I myself would probably choose the word “joy” over “happiness”; but surely Spinoza and Spira are saying the same thing, essentially.

In my own experience – and an experience is, as Spira points out, necessarily second-hand, a mere carrier for the instant – the dropping away of the clouds, whether of unhappiness or of craving or simple self-regarding, reveals a bright stillness that is nothing other than the open ground itself, endlessly beyond life or death or identity. It is no thing, being itself, and holds all the “ten thousand things” (Laozi) in its isness. To know that – which is to say, be that – is the parting of the clouds Spira describes; Spinoza’s “blessedness” (Beatitudo). It is not so much an epistemological shift as an ontological one: not what (or how) one knows, but what one knows one is.

Chasing after experiences

If we’re referencing “being awake” or “liberation” to a particular experience or state of mind—maybe a very expanded, open, peaceful feeling—that will inevitably prove disappointing because that state will disappear. The open aware presence it reveals is simply what remains when the me-system is quiet or when it is totally accepted as simply the weather of this moment. That open boundless aware presence is actually ever-present, even when apparently obscured by obsessive, me-centered thoughts. It is the common factor in every different experience. And those thoughts are nothing other than this same aliveness, the One Reality, showing up as thoughts. Experience is ever-changing like the weather. It’s never personal. It’s a happening of the whole universe. But if we take the stormy, cloudy, foggy weather personally, then it seems like we have lost that expanded openness that we tasted before. If we imagine that there is a persisting, independent self (“me”) who is either awake or not awake, that is only an imagination. No such persisting, independent self can be found. There is no experiencer outside of experiencing. Clinging to or chasing after experiences of spaciousness is a great way to avoid them. And eventually, we see that every experience, whether contracted or expanded, clear or muddy, is always just this.

Joan Tollifson, Silence

I think that perhaps Tollifson has expressed here more clearly than anything I can remember reading why I tend increasingly to be suspicious of teachings that rely too much on technique – whether the use of any form of psychedelic substance, or any sort of psychological manipulation aimed at inducing particular experiences or “altered states”.

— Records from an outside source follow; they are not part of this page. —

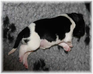 24/3-07 I dag er valpene 1 uke, vi har tatt bilder av dem og de har blitt veiet. Vi kan nå begynne og se en liten stripe i øynene deres, det betyr at det bare er snakk om dager før de åpner dem. Det normale er 10 - 14 dager. Bildene finner du under linken i vektskjemaet. Today the puppies are 1 week, we have taken pictures of them and have checked their weight. Now we can see a little stripe in their eyes, that means that it's only some days until they will be open. The normal is 10 - 14 days. The pictures you will find below each link in the weighttable. |
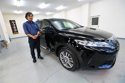 大阪府池田市よりトヨタハリアーのご入庫です!ボディカラーはトヨタのブラック202!施工はボディには
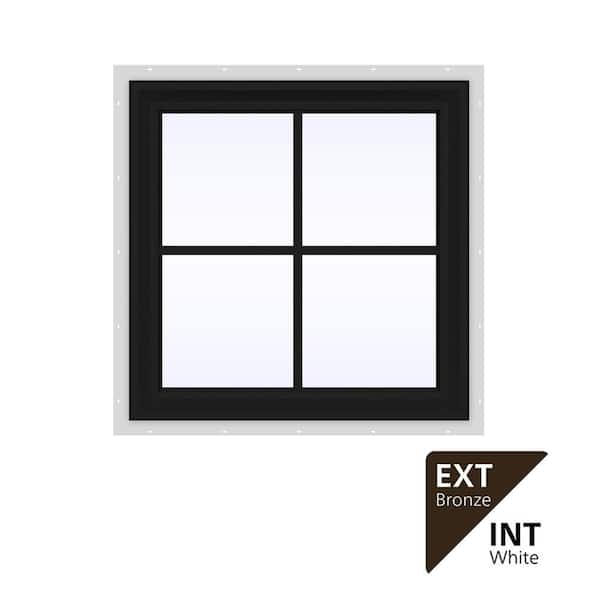 24 in. x 30 in. V-2500 Series Bronze Exterior/White Interior FiniShield Vinyl Fixed Picture Window, Colonial Grid/Grille
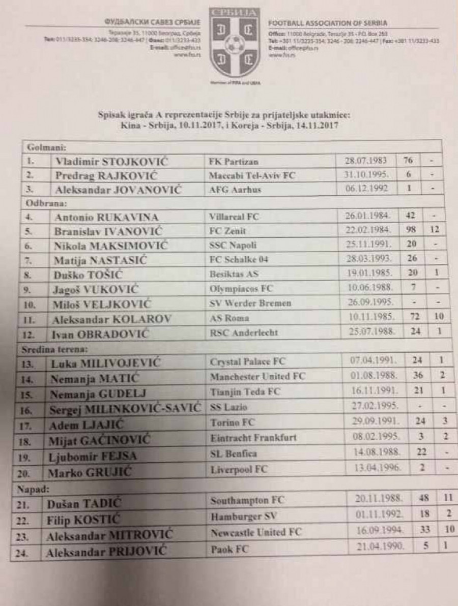 Foto: Tanjug/D. GOLLVršilac dužnosti selektora A reprezentacije Mladen Krstajić saopštio je imena igrača za predstojeće prijateljske mečeve protiv Kine 10. novembra u Gvangžuu i Južne Koreje četiri dana kasnije u Busanu.
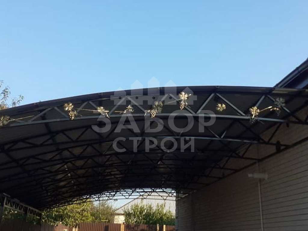 Поэтому компания "НавесСтрой" настоятельно рекомендует не экономить, а усилить каркас полуарочного навеса более жёсткими профилями с увеличенной толщиной металла и количеством несущих ферм.
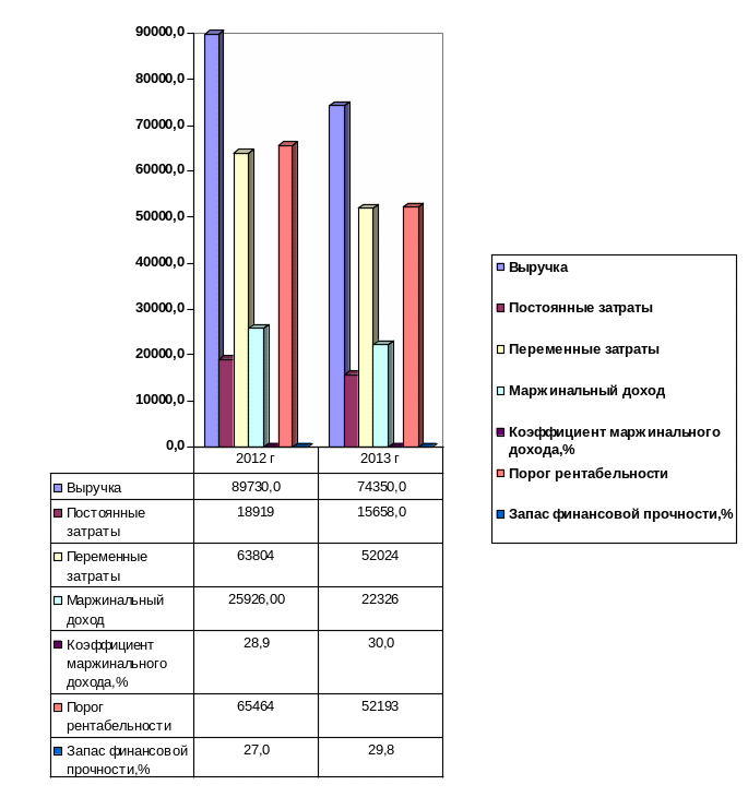 В 2013 году в связи с уменьшением выручки, снижение маржинального дохода составило 3600 тыс. руб. После преодоления точки безубыточности, сумма экономии переменных затрат обеспечивает прямой прирост прибыли компании.

As Joan points out here, the “open aware presence” of the contemplative mind is “nothing other than this same aliveness, the One Reality, showing up as…” whatever happens to be in our field of awareness right now. It might be the gentle passage of breath against the edge of our nostrils, or the bright stillness of the quiet mind; but it might just as easily be the grumble of a bus pulling away from the stop in the street outside, or a sudden metallic clang from the water company yard behind the old reservoir. Or it might be an old fear, or an old fantasy, or something we forgot to buy at the shops, rising unbidden to the surface of memory. Whatever the field of awareness contains now is just what it is. There is nothing else for it to be; and looking for another, better, experience is plain old fashioned confusion.

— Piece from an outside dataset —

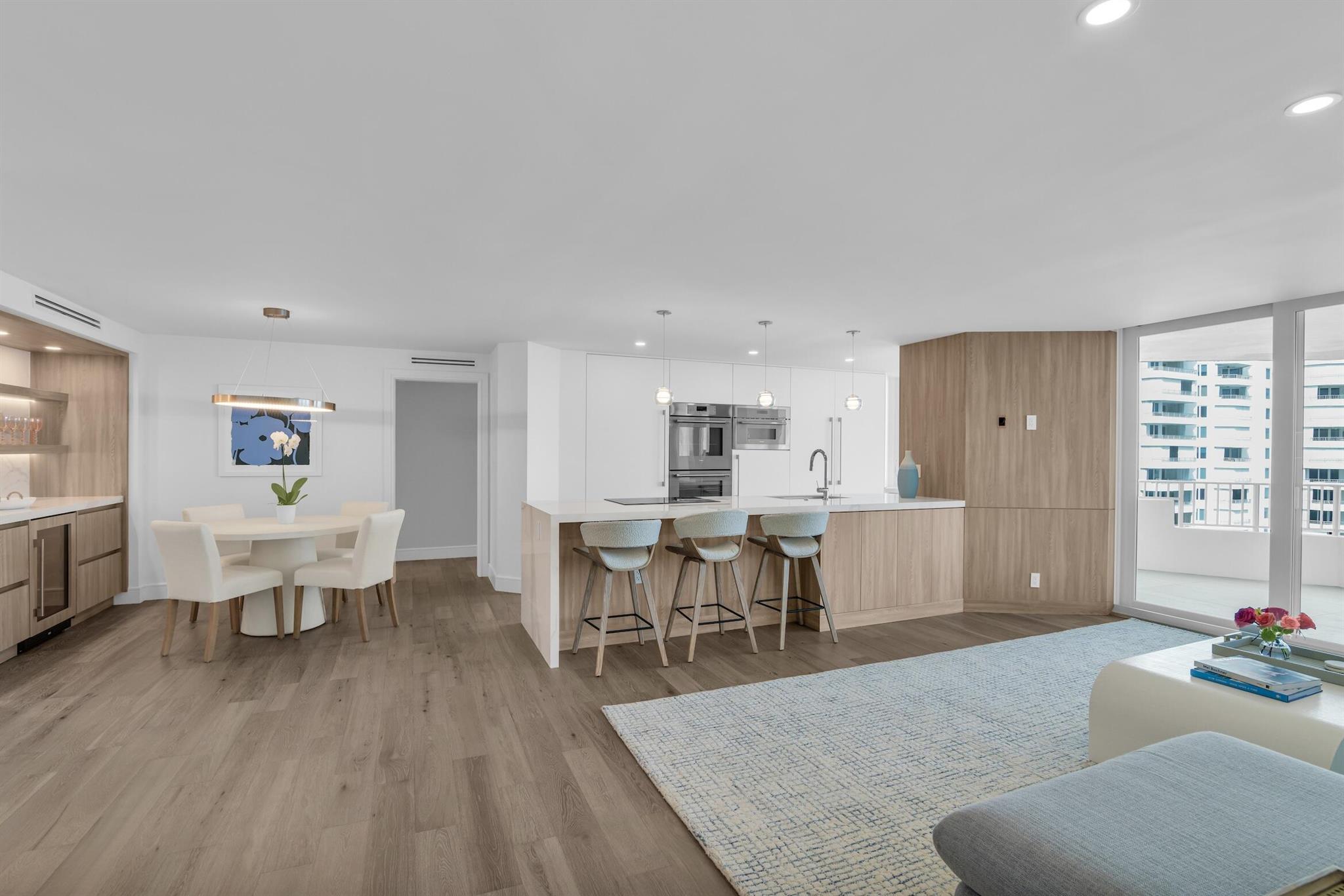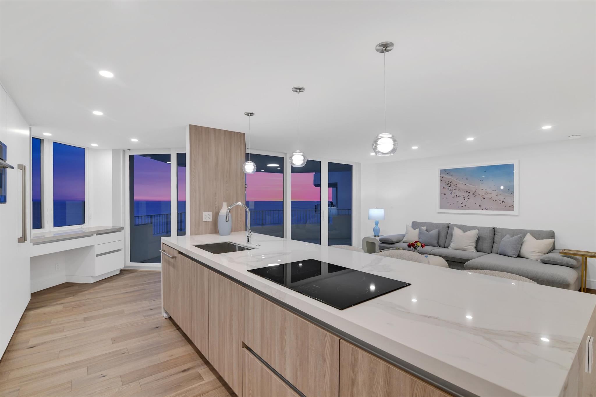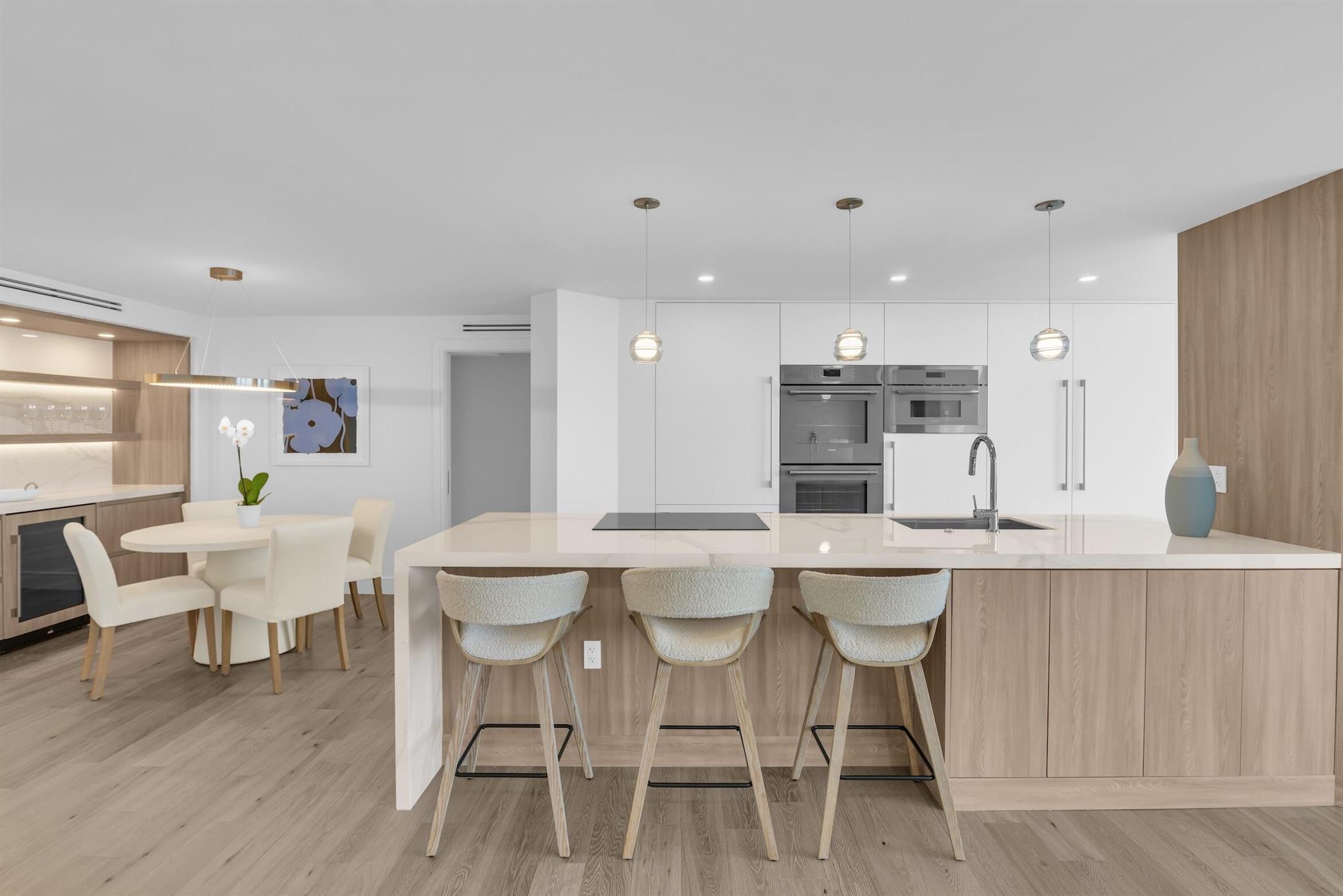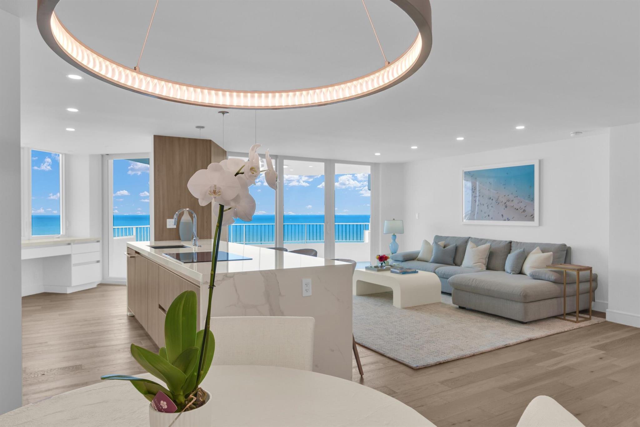 This just-renovated 16th-floor residence is professionally designed with impeccable taste and sophistication. Every room offers breathtaking direct ocean, city and Lake Boca views. Newly constructed, it features high-end Thermador appliances, custom cabinetry, and hardwood engineered oak floors, complemented by porcelain countertops with waterfall island. Split floor plan ensures privacy, spacious bathrooms with double sinks, built-in closets and custom bar with wine fridge, plus expansive oceanfront terrace. Positioned directly on the beach with private beach access and luxurious amenities such as an ocean-side swimming pool, a daily beach umbrella service, state-of-the-art fitness center, and two tennis courts. All comes with the lowest maintenance fees on the beach.

When we do nothing but practice sitting still for a certain amount of time each day, it becomes clear that past and future are an illusion. There is no past. There is no future. There is only this moment. This one tiny moment. That’s all there is…

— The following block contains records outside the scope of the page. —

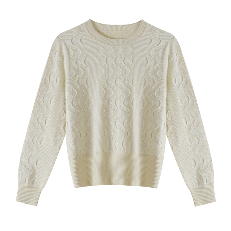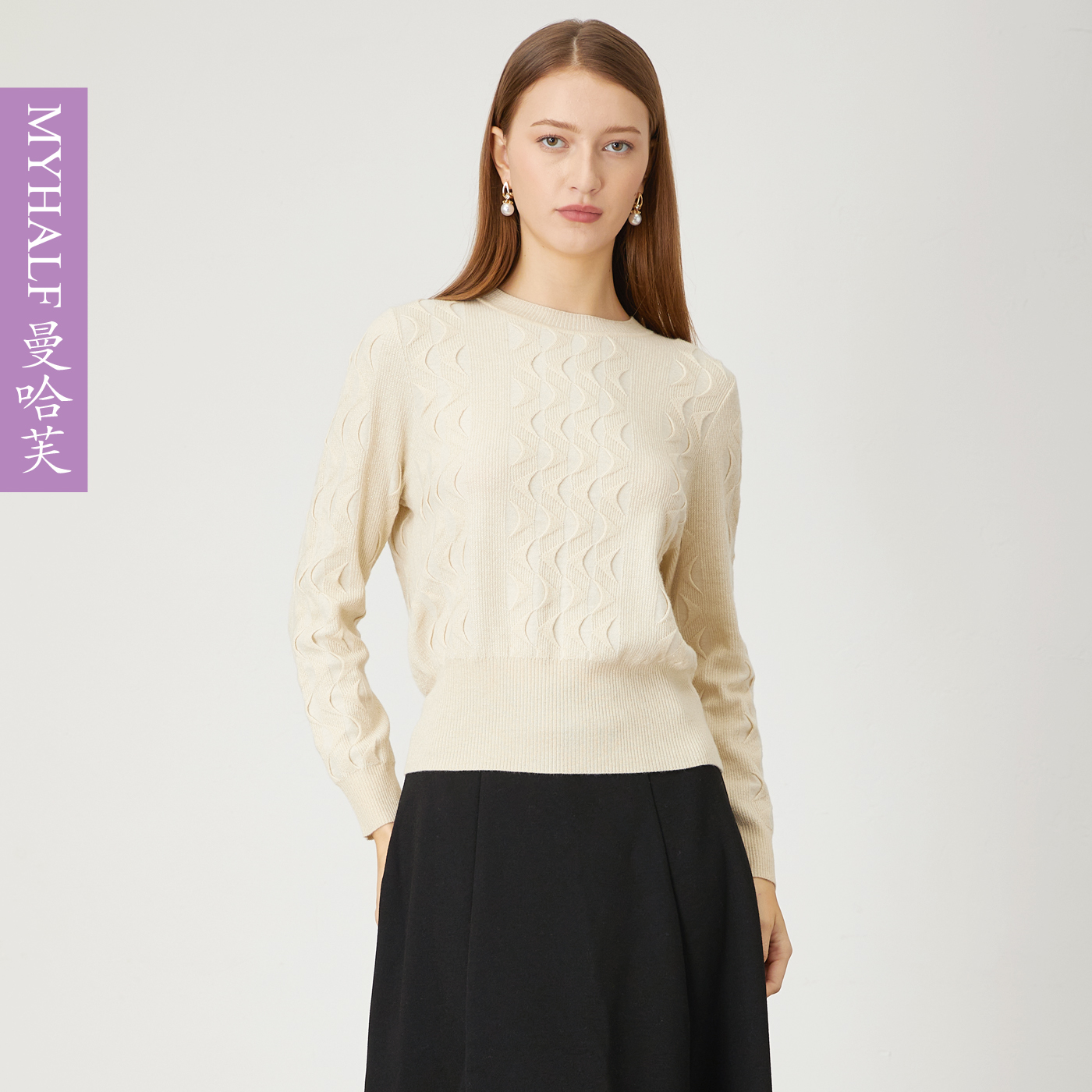 曼哈芙专柜正品 绵羊毛气质毛衣上衣 立体纹路圆领百搭针织套头毛衫
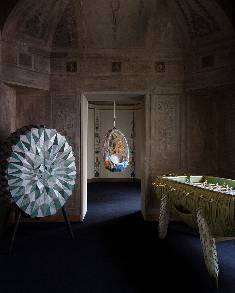 The Boudoir 廳展示了兩件非凡作品,為空間注入了水生綠色調:一件是鑲嵌著珍稀皮革細工的「Cabinet Kaléidoscope 萬花筒櫃」,另一件是由 Estudio Campana 創作,設計獨特、棲息著美人魚的非凡「Baby-foot 嬰兒足球桌」,與它們並列展出的是新款 Cocoon Dichroic 吊椅
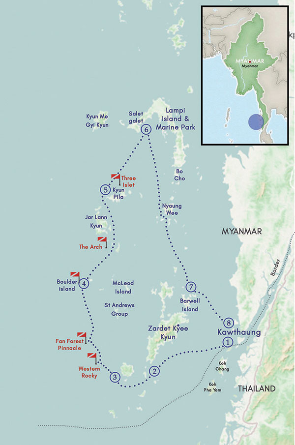 Embark on a journey to an unexplored world, a hidden gem in the southern part of Myanmar – the Mergui Archipelago. Immerse yourself in the beauty of pristine tropical paradise and discover its spectacular biodiversity. With the majority of Myanmar’s coral reef and well-preserved mangrove forests and seagrass meadows, the Mergui Archipelago is of high importance to marine and coastal conservation. Our tour offers more than just a classic live aboard sail – it is a spirit of adventure, relaxation, and shared experiences aboard a luxurious, fully crewed sailing yacht. Qualified divers will have an unforgettable week at sea, enjoying adventurous moments while discovering the untouched wonders of this magical destination.
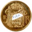 Physical DescriptionGold coin struck in honor of Prince Rainier III of Monaco. The coin has a profile of Prince Rainier on the obverse and the Royal insignia with "5F" and "Deo Juvante" (with God's help) stamped on the reverse.

Attainment always happens in the future or in the past. It’s always a matter of comparing the state at one moment to the state at another moment. But it makes no sense to compare one moment to any other moment. Every moment is complete unto itself. It contains what it contains and lacks what it lacks. Or perhaps it lacks nothing because each moment is the entire universe.

Brad Warner, The Other Side of Nothing: The Zen Ethics of Time, Space and Being

Open awareness

I had not a dispute but a disquisition with Dilke, upon various subjects; several things dove-tailed in my mind, and at once it struck me what quality went to form a Man of Achievement, especially in Literature, and which Shakespeare possessed so enormously—I mean Negative Capability, that is, when a man is capable of being in uncertainties, mysteries, doubts, without any irritable reaching after fact and reason—Coleridge, for instance, would let go by a fine isolated verisimilitude caught from the Penetralium of mystery, from being incapable of remaining content with half-knowledge. This pursued through volumes would perhaps take us no further than this, that with a great poet the sense of Beauty overcomes every other consideration, or rather obliterates all consideration.

John Keats, The Complete Works of John Keats: Poems, Plays & Personal Letters, p.763

Slowly it is being borne in upon me that open awareness is not so much a state of mind among other states of mind, but mind itself. Forgive me if I quote here again a summary of Spinoza’s three kinds of knowledge, but it may help to refresh our minds:

In Ethics (Part II, Proposition 40, Scholium 2), Spinoza outlines three kinds of knowledge:

  1. Opinion or Imagination (opinio): Based on sensory experience and hearsay—fragmentary and often confused.
  2. Reason (ratio): Deductive, conceptual understanding of things through their common properties—clearer, but still mediated.
  3. Intuitive Knowledge (scientia intuitiva): A direct, immediate grasp of things through their essence in God—non-discursive, holistic, and transformative.

Spinoza writes that intuitive knowledge “proceeds from an adequate idea of the formal essence of certain attributes of God to the adequate knowledge of the essence of things.” It’s not inference—it’s seeing.

(Microsoft Copilot, response to user query, November 9 2025)

What I referred to the other day as “our normal everyday consciousness” is Spinoza’s first kind of knowledge: limited, conditional and conditioned, irredeemably self-centred. The second kind of knowledge is the one we employ in thinking things through, whether how to hang wallpaper straight or the ontological argument – Keats’ “irritable reaching after fact and reason”. But the third kind is a leap into something entirely different.

The third kind of knowledge is direct seeing; and in my experience, just sitting, simply aware of thoughts just as much as sensations, of sounds, and of the body’s weight and presence, you begin to be aware somehow of awareness itself; not as a thing among other things, but as the bright field within which things come to be. Somehow awareness itself is not other than the open ground of all that is – isness itself.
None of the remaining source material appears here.